* **Information shown**:
⟨
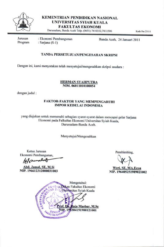 Herman Syahputra, FAKTOR-FAKTOR YANG MEMPENGARUHI IMPOR KEDELAI INDONESIA. Banda Aceh Fakultas Ekonomi,2011
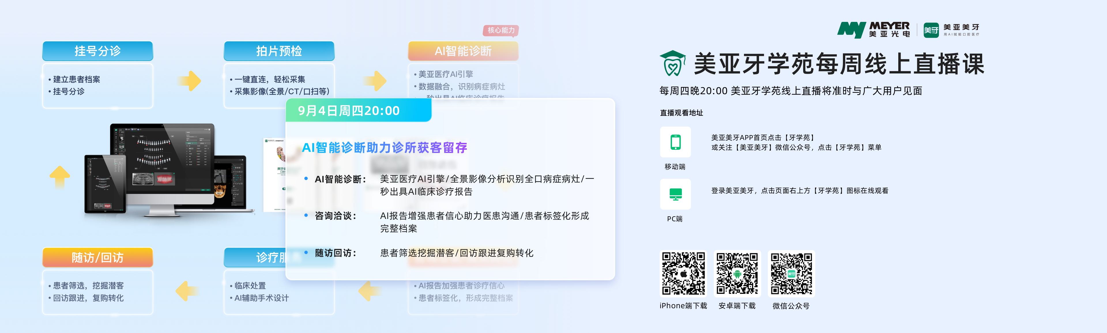 【美亚牙学苑每周直播】AI诊疗辅助医生临床诊断 助力诊所获客留存 20250904
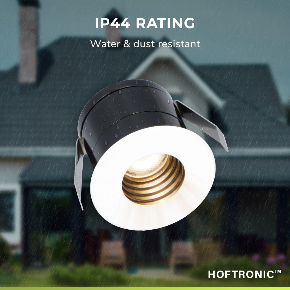 De inbouwspots zijn standaard voorzien van een IP44 protectie wat het dus misschien maakt om de spots buiten te installeren. De jumperbox en trafo waarop de spots worden ingestoken hebben echter een beschermingsgraad van IP20. Dit betekend dat als je spots buiten gaat installeren dat de jumperbox in een lasdoos geplaats dient te worden.
⟩
An exact copy of the data above is required, printed without its pictures.

* **Answer to the problem**:
 Herman Syahputra, FAKTOR-FAKTOR YANG MEMPENGARUHI IMPOR KEDELAI INDONESIA. Banda Aceh Fakultas Ekonomi,2011
 【美亚牙学苑每周直播】AI诊疗辅助医生临床诊断 助力诊所获客留存 20250904
 De inbouwspots zijn standaard voorzien van een IP44 protectie wat het dus misschien maakt om de spots buiten te installeren. De jumperbox en trafo waarop de spots worden ingestoken hebben echter een beschermingsgraad van IP20. Dit betekend dat als je spots buiten gaat installeren dat de jumperbox in een lasdoos geplaats dient te worden.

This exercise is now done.